2014年1月

金沢医科大学 教えて!ドクター 第22回

頭頸(とうけい)部がんの最新治療

再建手術で「生活の質」向上
高精度照射など放射線も進化

頭頸部がんは脳と目を除く首から上の部位にできるがんの総称です。罹患(りかん)率は約5%とそれほど高くありませんが、話す、噛(か)む、といった機能や、嗅覚(きゅうかく)、味覚などの感覚器が集中しており、日常生活の妨(さまた)げになることが多いがんの一つです。最新の治療法について金沢医科大学病院頭頸部・甲状腺(こうじょうせん)外科の辻裕之教授に聞きました。

 

【今月の回答者】

辻 裕之(つじ ひろゆき)

金沢医科大学病院 頭頸部・甲状腺外科教授(科長)
日本頭頸部癌学会評議員
日本耳鼻咽喉科学会専門医
がん治療認定医

 

根治性(こんちせい)重視しながら
機能温存にも配慮

頭頸部がんは耳、鼻、のど、頸部、顔面などに発生するがんの総称です。図に示した通り、たくさんの種類があります。

頭頸部は容貌(ようぼう)に深く関係するうえに、生きるために大切な機能や感覚器を多く備えています。

がんの発症や治療によって大切な機能が損なわれないよう、疑わしい症状があれば早期に診断を受け、治療することが、人間としての尊厳を守るうえでも重要です。体の表面に近い部分で発生することが多いため、問診、視診、触診などで比較的容易に診断できます。

頭頸部がんの約90%は扁平上皮(へんぺいじょうひ)がんと呼ばれるタイプで、進行が早い一方、大方は放射線治療が効(き)くとされています。腺がんは進行が遅いのですが、放射線治療はあまり効果がありません。

同じ扁平上皮がんでも、発生する部位によって治療方法が少しずつ違います。基本的には根治性を重視しながら、大切な機能をできるだけ温存するように配慮することがきわめて重要です。根治治療としては、手術療法および放射線治療が原則です。

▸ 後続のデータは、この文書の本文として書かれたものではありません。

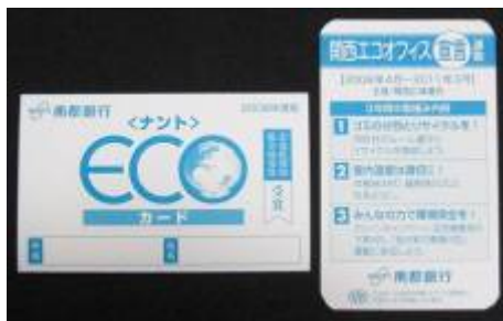
行員全員に配布される南都銀行の「エコカード」

早期がんに対しては放射線治療や狭(せま)い範囲の切除で治療が可能で、発声や嚥下(えんげ)(飲み込み)などの機能を温存できます。進行がんの場合は手術療法、放射線治療、化学療法(抗(こう)がん剤治療)を組み合わせた集学的治療を行います。

がんがかなり進行している症例や、放射線治療と化学療法の併用で大きな効果が期待できる症例では切除手術を行わない場合もあります。

 

再建技術の確立で
切除範囲が拡大

頭頸部がんの外科治療が目覚ましく進化したのは1980年代です。進行がんに対する再建手術の技術が確立し、それに伴い拡大範囲手術が可能になりました。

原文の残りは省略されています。